### Exercise requirements
Restate verbatim the span of lines below between the line with "Example emergency evacuation map" and the line with "is not necessary.", including those two lines, and only that span.

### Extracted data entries
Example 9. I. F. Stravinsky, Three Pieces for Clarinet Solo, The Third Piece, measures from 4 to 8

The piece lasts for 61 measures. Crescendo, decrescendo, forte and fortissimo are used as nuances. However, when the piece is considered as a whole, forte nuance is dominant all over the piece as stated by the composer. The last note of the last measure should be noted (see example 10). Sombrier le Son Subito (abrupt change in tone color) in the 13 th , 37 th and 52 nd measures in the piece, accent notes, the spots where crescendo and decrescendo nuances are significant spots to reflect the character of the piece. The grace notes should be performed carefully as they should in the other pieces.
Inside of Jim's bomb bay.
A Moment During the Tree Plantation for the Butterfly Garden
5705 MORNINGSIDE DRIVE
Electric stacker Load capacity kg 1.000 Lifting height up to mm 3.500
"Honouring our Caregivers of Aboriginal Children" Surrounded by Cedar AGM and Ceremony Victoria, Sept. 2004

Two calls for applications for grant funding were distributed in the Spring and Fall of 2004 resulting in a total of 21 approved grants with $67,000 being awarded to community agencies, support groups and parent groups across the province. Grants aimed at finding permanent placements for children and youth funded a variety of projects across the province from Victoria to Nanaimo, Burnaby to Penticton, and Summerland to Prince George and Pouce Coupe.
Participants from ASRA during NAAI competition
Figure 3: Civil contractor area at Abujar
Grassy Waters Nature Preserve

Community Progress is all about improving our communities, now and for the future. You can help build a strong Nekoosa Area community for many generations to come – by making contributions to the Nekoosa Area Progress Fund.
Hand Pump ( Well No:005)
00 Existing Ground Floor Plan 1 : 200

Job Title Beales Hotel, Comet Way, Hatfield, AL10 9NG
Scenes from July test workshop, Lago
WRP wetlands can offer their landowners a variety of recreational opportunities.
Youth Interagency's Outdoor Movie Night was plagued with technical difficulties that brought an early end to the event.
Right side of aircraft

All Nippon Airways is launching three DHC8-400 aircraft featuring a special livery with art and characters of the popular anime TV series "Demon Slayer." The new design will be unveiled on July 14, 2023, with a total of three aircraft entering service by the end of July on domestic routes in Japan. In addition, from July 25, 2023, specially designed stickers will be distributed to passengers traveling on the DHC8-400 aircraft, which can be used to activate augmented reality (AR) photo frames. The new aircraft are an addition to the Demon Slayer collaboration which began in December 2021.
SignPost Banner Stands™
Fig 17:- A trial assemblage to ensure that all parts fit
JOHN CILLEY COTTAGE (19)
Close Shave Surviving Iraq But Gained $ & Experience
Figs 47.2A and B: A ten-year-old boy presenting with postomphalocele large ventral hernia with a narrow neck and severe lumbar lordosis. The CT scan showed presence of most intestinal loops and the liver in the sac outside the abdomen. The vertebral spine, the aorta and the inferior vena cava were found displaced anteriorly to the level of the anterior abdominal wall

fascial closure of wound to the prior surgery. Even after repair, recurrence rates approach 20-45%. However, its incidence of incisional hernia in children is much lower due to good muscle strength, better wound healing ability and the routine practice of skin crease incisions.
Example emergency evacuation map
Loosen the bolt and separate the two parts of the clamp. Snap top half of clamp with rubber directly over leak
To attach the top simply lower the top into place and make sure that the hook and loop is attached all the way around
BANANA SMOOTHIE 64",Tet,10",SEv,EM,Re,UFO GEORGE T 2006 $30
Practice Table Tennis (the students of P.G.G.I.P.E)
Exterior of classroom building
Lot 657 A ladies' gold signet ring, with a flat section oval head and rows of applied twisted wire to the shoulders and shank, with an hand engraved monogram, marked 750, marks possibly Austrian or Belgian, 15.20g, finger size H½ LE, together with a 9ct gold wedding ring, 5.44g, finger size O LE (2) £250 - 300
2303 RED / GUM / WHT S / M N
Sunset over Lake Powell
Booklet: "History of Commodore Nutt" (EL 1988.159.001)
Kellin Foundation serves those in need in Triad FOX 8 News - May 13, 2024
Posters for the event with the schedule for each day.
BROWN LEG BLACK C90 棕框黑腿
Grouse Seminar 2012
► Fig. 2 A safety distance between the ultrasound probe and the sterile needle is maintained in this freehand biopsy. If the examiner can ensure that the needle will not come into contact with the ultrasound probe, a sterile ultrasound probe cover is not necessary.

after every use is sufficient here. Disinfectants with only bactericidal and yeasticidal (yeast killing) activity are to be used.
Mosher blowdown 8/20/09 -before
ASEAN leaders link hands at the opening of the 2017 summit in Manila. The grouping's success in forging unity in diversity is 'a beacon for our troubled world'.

### Exercise output
Example emergency evacuation map
Loosen the bolt and separate the two parts of the clamp. Snap top half of clamp with rubber directly over leak
To attach the top simply lower the top into place and make sure that the hook and loop is attached all the way around
BANANA SMOOTHIE 64",Tet,10",SEv,EM,Re,UFO GEORGE T 2006 $30
Practice Table Tennis (the students of P.G.G.I.P.E)
Exterior of classroom building
Lot 657 A ladies' gold signet ring, with a flat section oval head and rows of applied twisted wire to the shoulders and shank, with an hand engraved monogram, marked 750, marks possibly Austrian or Belgian, 15.20g, finger size H½ LE, together with a 9ct gold wedding ring, 5.44g, finger size O LE (2) £250 - 300
2303 RED / GUM / WHT S / M N
Sunset over Lake Powell
Booklet: "History of Commodore Nutt" (EL 1988.159.001)
Kellin Foundation serves those in need in Triad FOX 8 News - May 13, 2024
Posters for the event with the schedule for each day.
BROWN LEG BLACK C90 棕框黑腿
Grouse Seminar 2012
► Fig. 2 A safety distance between the ultrasound probe and the sterile needle is maintained in this freehand biopsy. If the examiner can ensure that the needle will not come into contact with the ultrasound probe, a sterile ultrasound probe cover is not necessary.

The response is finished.